Viewers looking for a reprieve in the flighty, wide-eyed Zooey Deschanel will be similarly disappointed, as although her character here begins innocent enough, it is obvious, after a graphic scene of vomiting and various scenes of crying and implied trysting, that she too has some serious mental and emotional issues going on. We get a slice of Happy's biological mother over the phone, drugged out of her wits in a cold marble condo in "Taos...wait, Florida," which tells us a little about her daughter's background, but not enough to explain everything.

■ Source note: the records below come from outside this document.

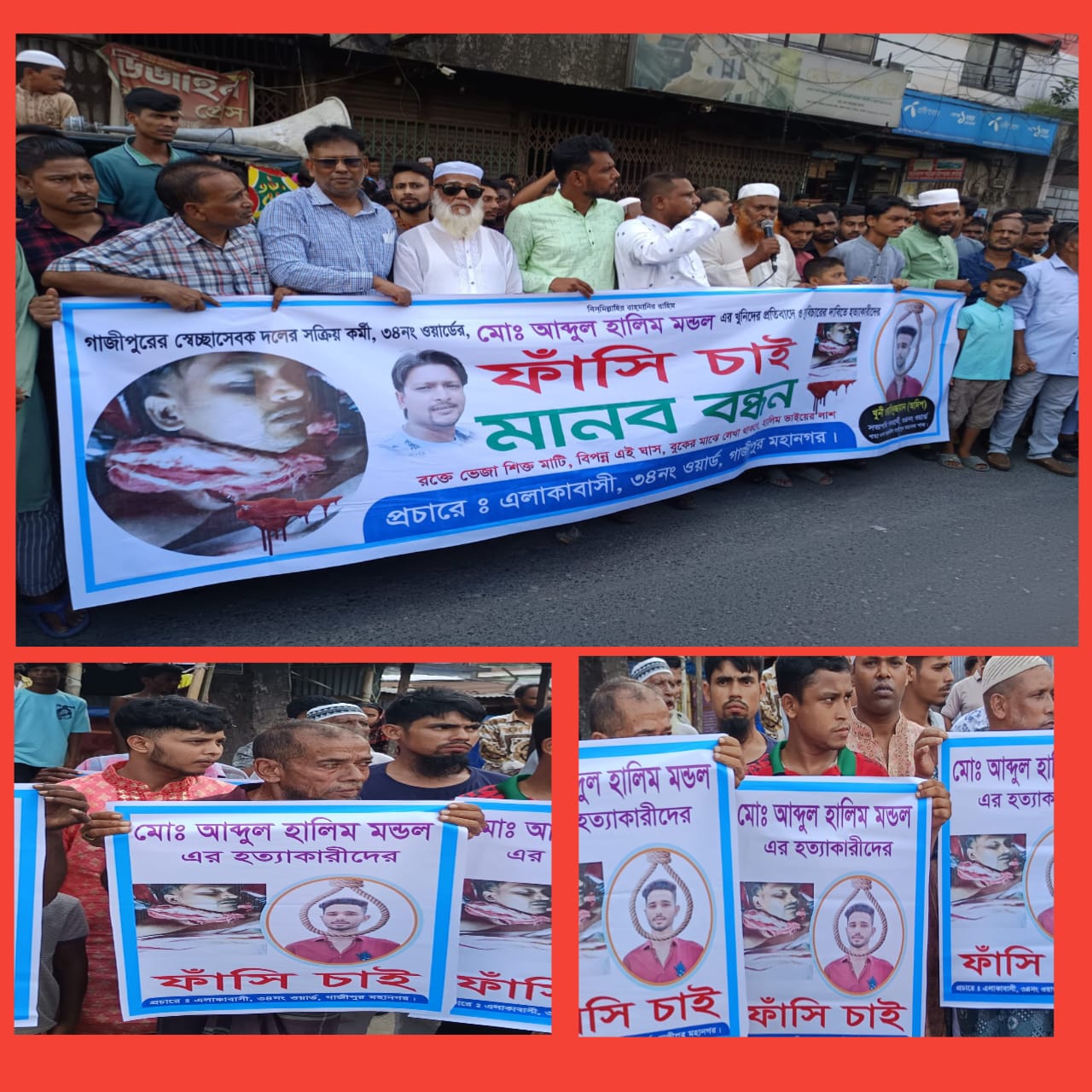 গাজীপুরে ৩৪ নং ওয়ার্ডের স্বেচ্ছাসেবক নেতা হালিম মন্ডলের হত্যার মানববন্ধন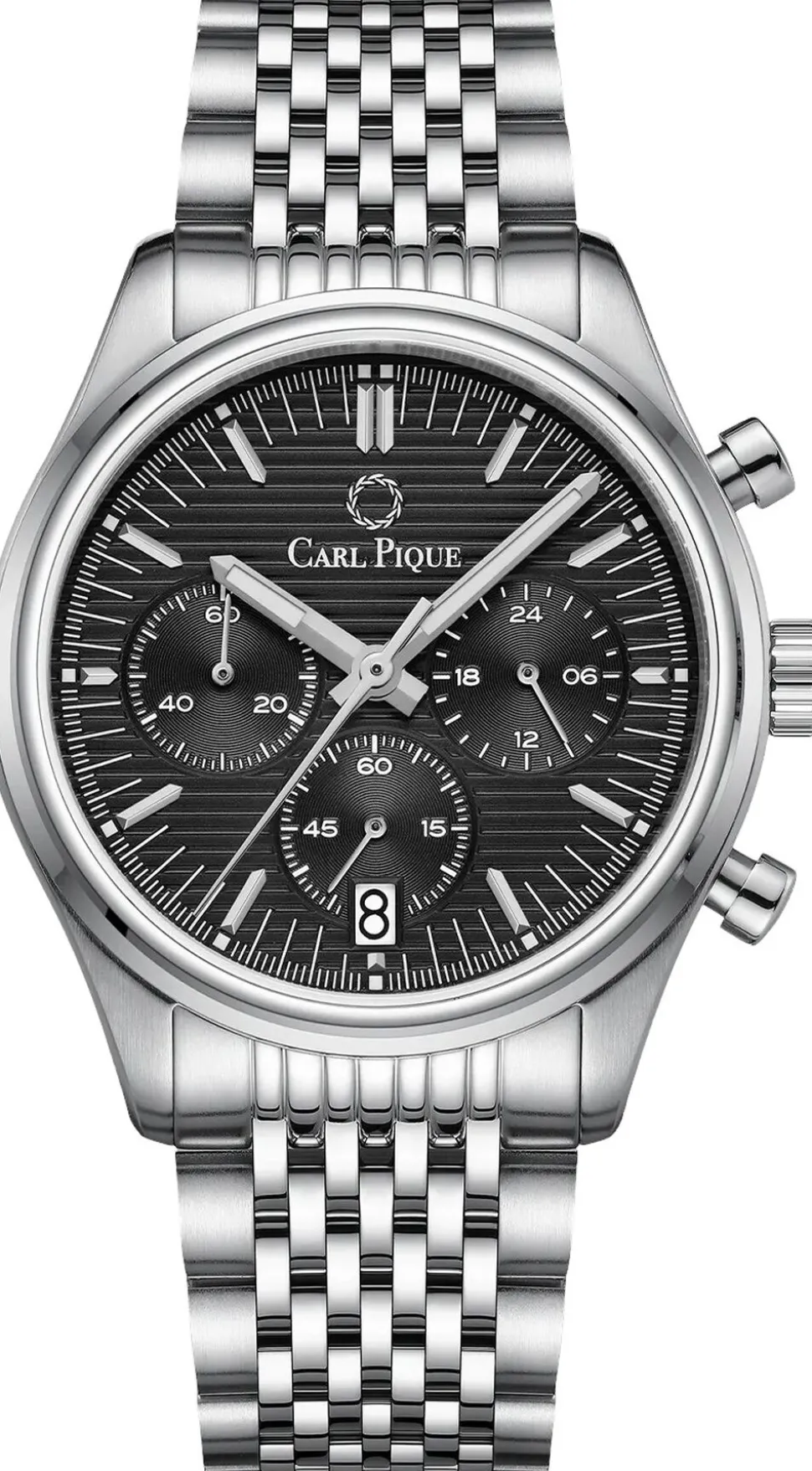Carl Pique Maurice CP0060 uret kombinerer klassisk design med praktisk funktionalitet. Det har en rund urkasse og en detaljeret urskive med tre kronografer og en datovisning, der tilføjer dybde til udseendet. Den sorte urskive står i imponerende kontrast til den sølvfarvede urkasse og bezel. Uret er udstyret med kvarts urværk drevet af TMI VD54 kaliber.
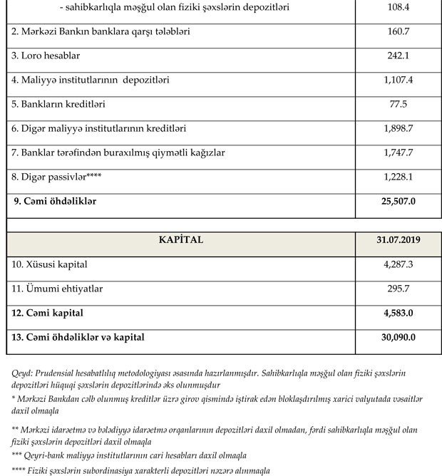 31 iyul 2019-cu il tarixinə bank sektorunun əsas göstəriciləri bank sektorunun icmal göstəricilərində öz əksini tapıb.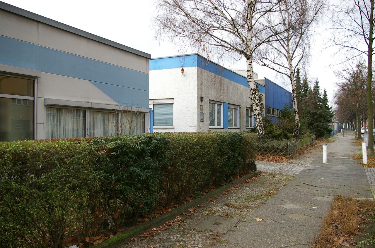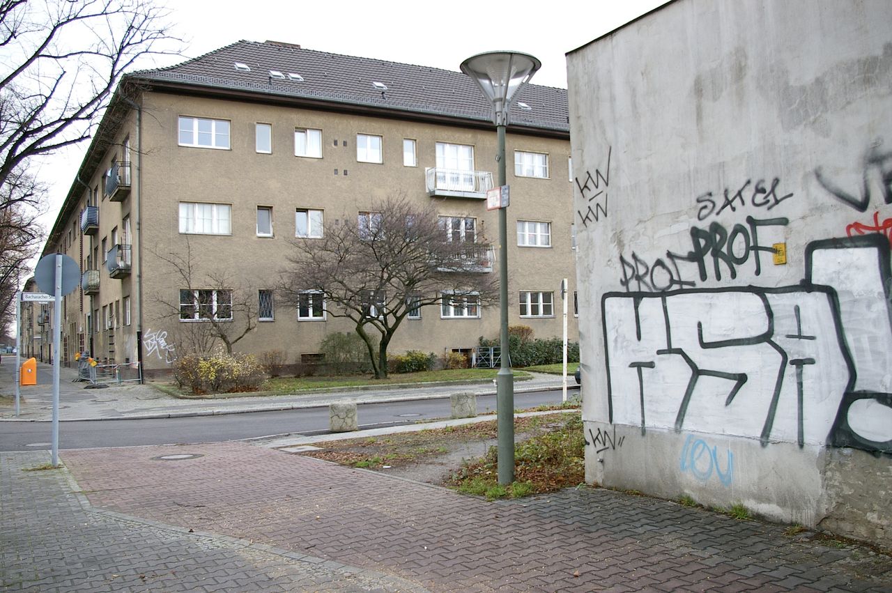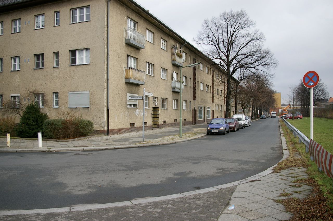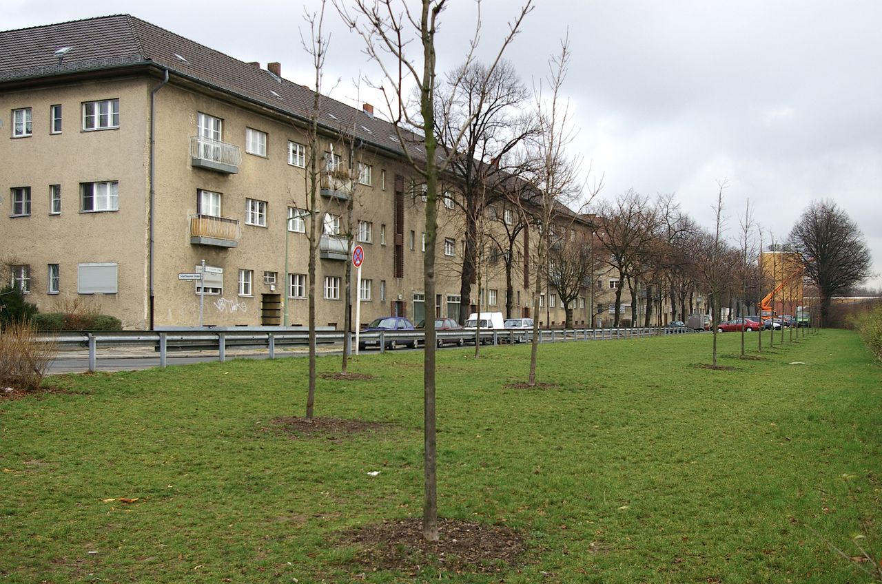 Wohnstraße in Berlin Tempelhof, direkt an der Autobahn mit tristen, kleinstädtisch anmutenden Wohnblöcken und Industriegebäuden.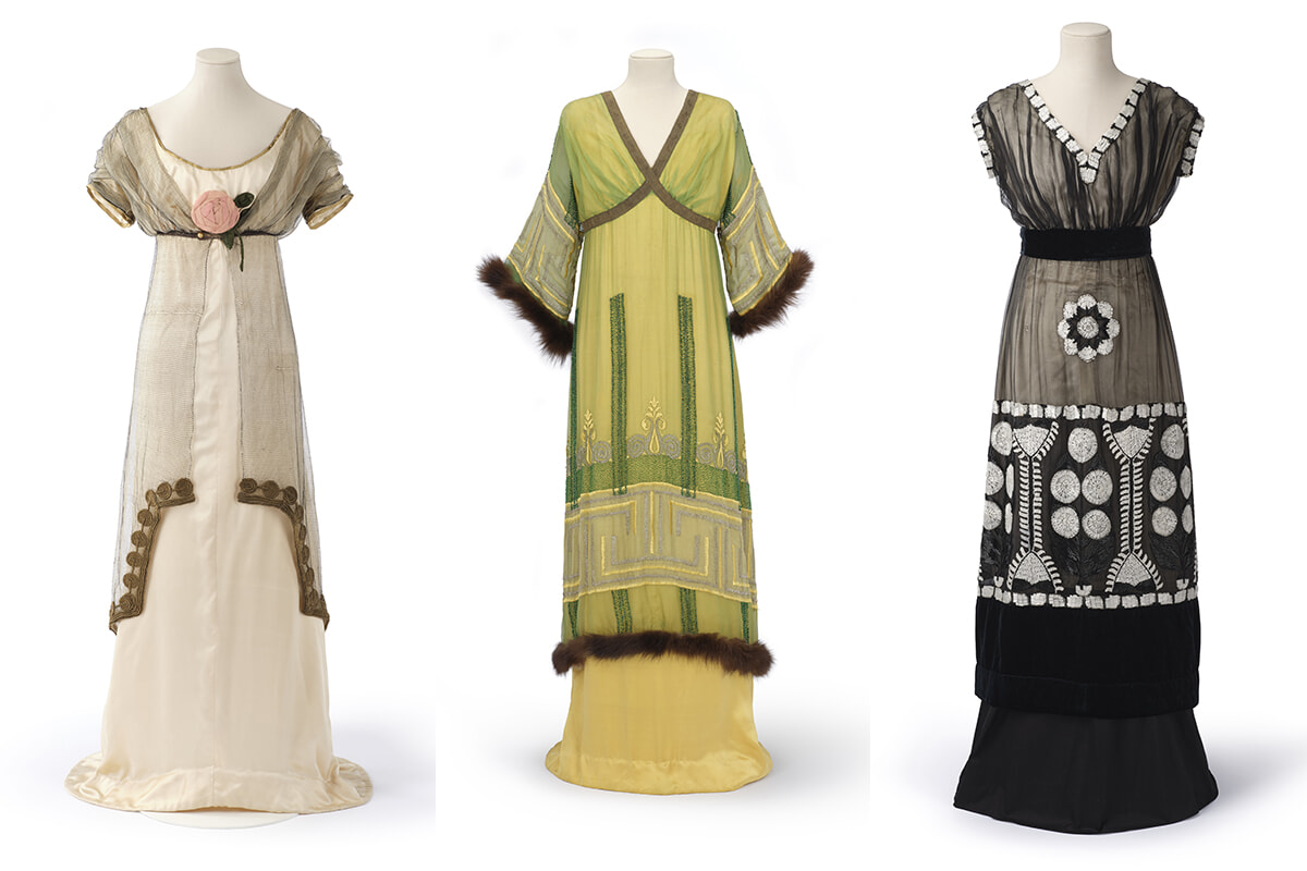 ポール・ポワレの名前に思い浮かぶシルエットのドレス。左は1907年のソワレ「Joséphine」、中は1908年ごろのソワレ「Mosaïque」、右は1910年のソワレ。©Les Arts Décoratifs / Christophe Dellière

But that's where Gigantic works best, I think, -in its cryptic treatment of these characters. The viewer is almost never certain what is going on inside anyone's head, perhaps least of all, the director's. What to make of the title, for example? Nothing in this film, outside of John Goodman, is really all that gigantic. There is a loose motif of lab rats swimming for their lives vs. "resigning" to their fates and drowning, repeated in the skinny-dip and Weathersby's fights with his stalker, but the film ends on a conspicuously dry, happy and sentimental note. Such deliberate obfuscation of message and abrupt change in tonality probably doesn't resonate with the majority of moviegoers, but this is an indie film, so it doesn't have to. I found Gigantic to be an intriguing and promising work from a new director, even if it is a little too dependent on Wes Anderson for its themes.

In Sum: Fucked-up, funny and sexy, but slow-burning and clearly influenced by Wes Anderson, Gigantic is a worthy endeavor from a first time writer/director.